◆ Data segment
▶

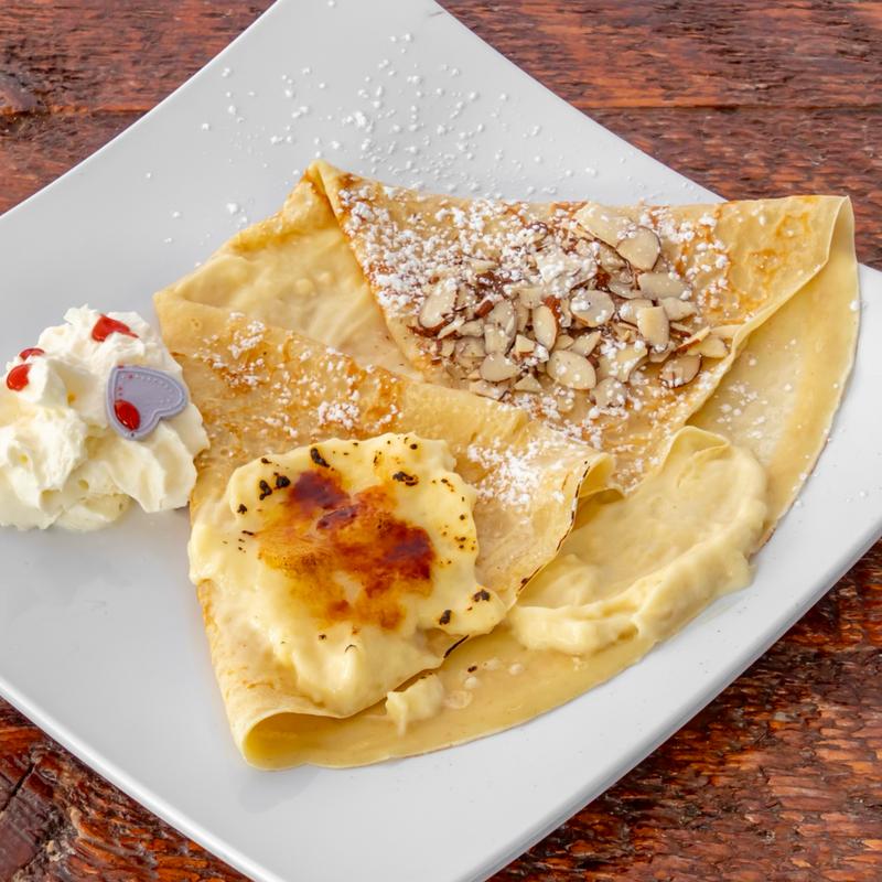 Smooth crème brûlée filling topped with crunchy almonds. Add Strawberry or Banana +$1.75
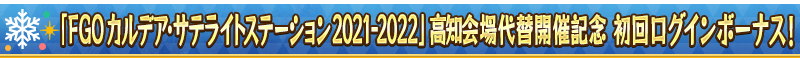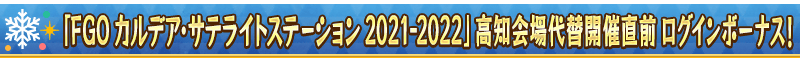 下記の期間中、「FGO カルデア・サテライトステーション 2021-2022」高知会場代替開催を記念して、「FGO カルデア・サテライトステーション 2021-2022」高知会場代替開催直前ログインボーナスを実施いたします!
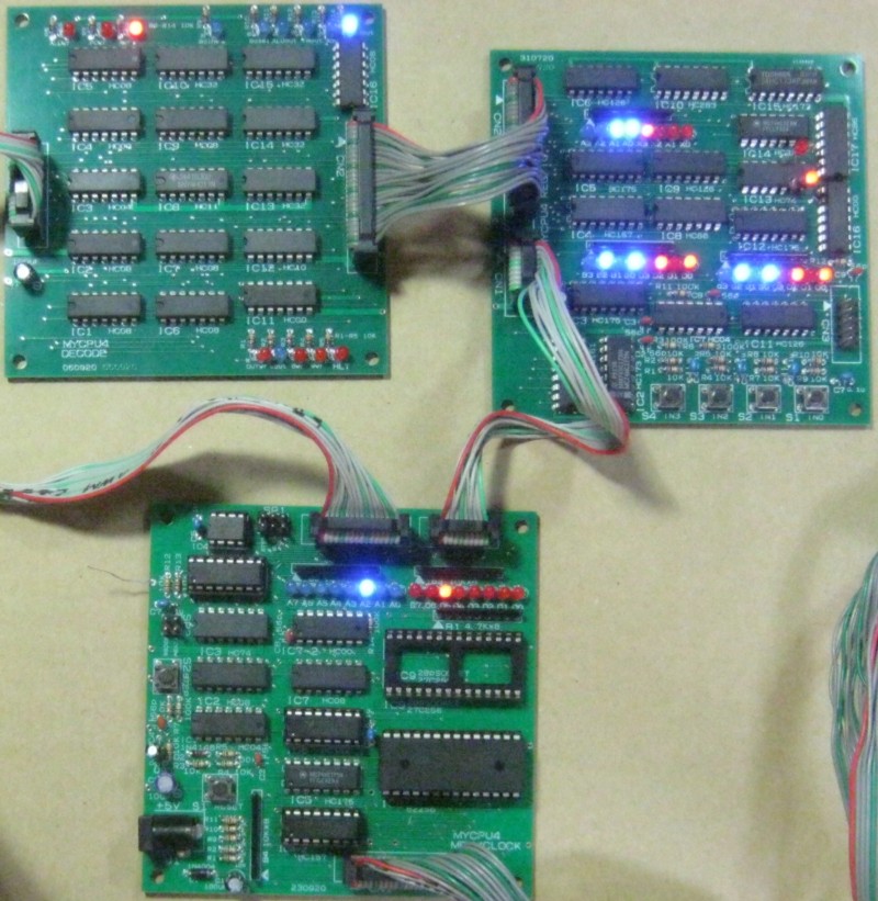 写真右上のREGISTER基板のd3〜d0(内部バス、青色LED)にAレジスタの値(0011)が出力されそのようにLEDが点灯しています。

◀

◆ Exercise directions
Excluding images, output exactly the lines from the one that holds "下記の期間中、「FGO カルデア・サテライトステーション 2021-2022」高知会場代替開催を記念して、「FGO" through the final line of the material, both ends included.

◆ Result of the task
 下記の期間中、「FGO カルデア・サテライトステーション 2021-2022」高知会場代替開催を記念して、「FGO カルデア・サテライトステーション 2021-2022」高知会場代替開催直前ログインボーナスを実施いたします!
 写真右上のREGISTER基板のd3〜d0(内部バス、青色LED)にAレジスタの値(0011)が出力されそのようにLEDが点灯しています。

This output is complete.